Parliament of India
- Long title An Act to provide for the constitution of a Central Council of Homoeopathy and the maintenance of a Central Register of Homoeopathy and for matters connected therewith. ;
- Citation: Act No. 59 of 1973
- Territorial extent: India
- Enacted by: Parliament of India
- Enacted: 19 December 1973
- Commenced: 1 August 1974
- Repealed: 5 July 2021

Amended by
- Delegated Legislation Provisions (Amendment) Act, 1983; Homoeopathy Central Council (Amendment) Act, 2002; Homoeopathy Central Council (Amendment) Act, 2018; Homoeopathy Central Council (Amendment) Act, 2019; Homoeopathy Central Council (Amendment) Act, 2020;

Repealed by
- National Commission for Homoeopathy Act, 2020

= Homoeopathy Central Council Act, 1973 =

The Homoeopathy Central Council Act, 1973, (Act 59 of 1973), is a now-repealed Act of the Parliament of India to primarily structure the role of the Central Council of Homoeopathy and to enable the regularization of the maintenance of a central register of issues and entities related to the field of homoeopathy.
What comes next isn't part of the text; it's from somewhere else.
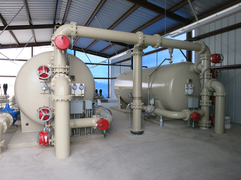 DESCRIPTION: The Southern Arizona community of San Luis now has clean drinking water after flipping the switch on their new Manganese treatment plant that will process up to 2,200 Gallons Per Minute of the city’s potable water supply. In addition to exceeding the EPA mandated MCL’s by an order of magnitude, the manganese caused staining of fixtures and clothing as a result of oxidation, which is enhanced through the use of bleaching agents in household laundry. Integrated Water Services, Inc. (IWS) constructed the system, completed all the testing and start-up, and provided training for this $2mm potable water treatment system. The scope of work for the project included the installation of a complete Pureflow (www.pfdiv.com) Filtration manganese removal system for the drinking water plant at Well Site No. 7 which has two (2) groundwater production wells. The work also included replacement of the well pumps, constructing a 40’ by 60’ enclosure building and pad, 60,000 gallon reclaim tank, sludge mixing system, sludge sewer disposal, all mechanical piping (12” diameter), and all associated electrical and controls.

It included five chapters when it was initially passed. The Act was amended in December 2002, via Homoeopathy Central Council Amendment Act, 2002 (No. 51 of 2002). The Act was replaced by the National Commission for Homoeopathy Act, 2020 with effect from 5 July 2021.

==Chapters==
- Chapter I: Contained the introduction to the Act and objectives intended to be achieved.
- Chapter II: Contained the actual Central Council Act and the committees proposed to be formed.
- Chapter III: Contained details of how institutions related to teaching streams like Ayurveda, Unani medicine, Siddhi and their associate medical qualifications could be recognised.
- Chapter IV: Contained the national central register detailing various issues and entities connected with the area of homoeopathy.
- Chapter V: Other issues of significance not mentioned directly within the previous chapters.